逆に全編通してシンプルに、かつ綺麗にまとまった今作は、古き良き特撮ドラマの体温を感じさせてくれている。特撮に興味がない人にとっては何のフォローにもなっていないが、自分にとってはそこが大きかった。
「原作の特徴と個性を最大限残しつつ、現代の技術と庵野秀明という人物を経由させて生まれ変わらせた長編映画がシンシリーズ」なのかなというのがゴジラ・エヴァ・ウルトラマンの3作品を見て感じた自分の率直な感想。
なのでこの作品ごとの差異が次回作「シン・仮面ライダー」の期待をさらに大きなものへとしてくれた。
結論としては「比べちゃうのはわかるけど比べるだけ野暮」です。
ラストは意図的に変えた?
原作では最終回、ウルトラマンはゼットンによって殺されてしまう。
一時の敗北ではなく、明確な死として描かれたシーンは当時の子供達にとても大きなショックを与え、放送終了後には空に向かって「ウルトラマーン!」と叫ぶ子供までいたとのこと。
そしてこの最強の怪獣ゼットンは科学特捜隊が開発していた「無重力弾」で人間によって倒されます。ウルトラマンの死という衝撃的な出来事を経て、人類がウルトラマンから自立したという展開。
自分はこの最後が結構好きだったがシン・ウルトラマンでは人類の叡智を集めた助力があったとはいえ、ゼットンにトドメを刺したのはベータシステムを使ったウルトラマンの自己犠牲であった。
驚いたと同時にここだけ「あ、そういう展開なの??」と思ってしまった。
その後のゾフィーとの会話でウルトラマンが最後の最後まで人類の可能性を信じ、自分の愛した人間たちに今後の地球を託したということを語っているので、ウルトラマン自身の内面を描くための改変だったのだろうか…。
まとめ
というわけでかなり長くなってしまいましたが、個人的な「シン・ウルトラマン」の感想でした。
前述している通り、シン・ゴジラと比べてしまうと大掛かりな仕掛けが無い分、小さくシンプルにまとまった作品と思われてしまっても仕方がないのかも知れません。
しかし、自分にとっては最高のウルトラマン映画でした。
忠実にリメイクされた原作に加えて「この時ウルトラマンは何を思っていたんだろうか」というファン的な目線も加わっていて、かっこいいヒーローってだけではない、ウルトラマンという宇宙人の持つ優しさ・強さがそこに上乗せされていて「爽快な特撮を見た後に何か学べる」という特撮子供番組の一面も残っていることに非常に感動しました。

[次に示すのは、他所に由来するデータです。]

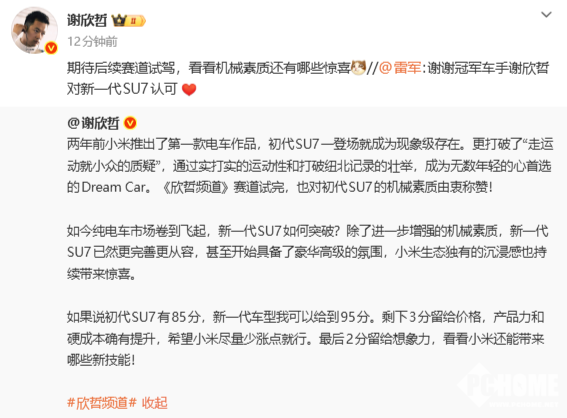 谢欣哲表示,初代小米SU7他打85分,而新一代车型凭借产品力与硬成本的双重提升,愿意给到95分的高分。他直言新车不仅进一步增强了机械素质,还打造了豪华高级氛围,同时他提出,希望小米能平衡成本,降低购买门槛,让更多人能够体验到新车的技术实力。这一评价迅速传播,小米高管潘九堂随即转发认同,雷军也公开致谢其对新一代SU7的认可。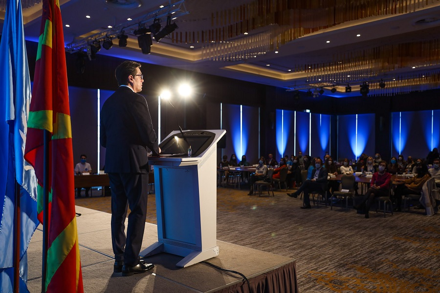-Како човек кој дел од својата професионална кариера ја поминал во образованието, апсолутно сум согласен дека без ставањето на образованието и науката на приоритетна позиција не можеме да очекуваме побрз економски развиток и севкупен општествен напредок. Образованието, здравството, функционирањето на правната држава, заштитата на животната средина се клучот за квалитетен живот. Потребно е да се справиме со базичните работи како сузбивање на дивите депонии, депонирање на сметот, почитување на регулативите за загадување. Во овој контекст целосно се сложувам со мислењата на младите изразени во работилниците дека ни се потребни системски и креативни решенија за да ја заштитиме животната средина. И во овој сегмент, ќе нагласам, клучно е нашето однесување и како поединци, рече шефот на државата.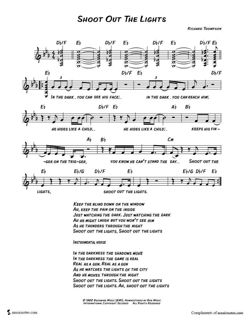 In the dark you can see his face; in the dark you can reach him; he hides like a child, he hides like a child; keeps his finger on the trigger, you know he can't stand the day. |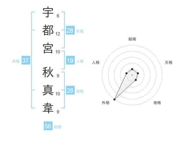 宇都宮 秋真韋さんの外格は37画の5点!
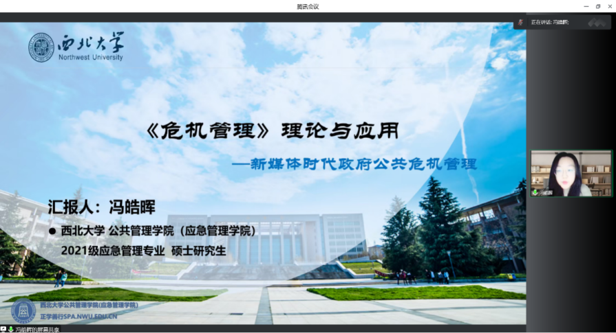 2021级应急管理专业硕士研究生冯皓晖汇报了罗伯特·西斯的《危机管理》,她从作者简介、著作背景与目的、逻辑思路与框架、主要内容与观点、理论应用五个部分进行了分享。首先,冯皓晖同学明确了危机管理的概念,指出危机管理包含对危机事前、事中、事后所有方面的管理,并用4R模式有机整合危机管理的四个方面,即缩减(reduction)、预备(readiness)、反应(response)、恢复(recovery),并延展了4R模式的结果--恢复力 (Resilience)。其次,她介绍了其他代表性的公共危机管理过程与阶段理论。最后,她通过分析上海外滩踩踏事件中政府新媒体的4R管理,展示了新媒体时代危机管理4R模型在政府公共危机管理中的应用。针对冯皓晖同学的汇报内容,裴索亚博士作出了点评。她认为通过学习《危机管理》,应进一步思考危机管理、风险管理、应急管理三者区别,进一步思考危机管理4R理论与其他公共危机管理过程与阶段理论的区别,应通过对书中内容进行延伸拓展并学以致用,深刻理解危机管理的真正含义。

そもそも30年前の時点で20年以上前の特撮ドラマを当時子供だった自分が夢中で見ていたってすごくないですか?しかもそれ以来見ていないはずなのにかなり内容を克明に覚えているんですよ。
記事を通して「原作!初代!原作!初代!」なんとなくマニアぶった文章になってしまっているかも知れませんが、なんか新しいのに懐かしいんです。
昔見たウルトラマンを思い出したくなる映画でした。
最近はmarvel漬けの毎日でしたが、日本のヒーローもまだまだ負けていません。是非劇場で見てみてください。
そしてウルトラファンの皆様、もし「ここの小ネタは原作のこれだよ!」というのがあったら教えてください!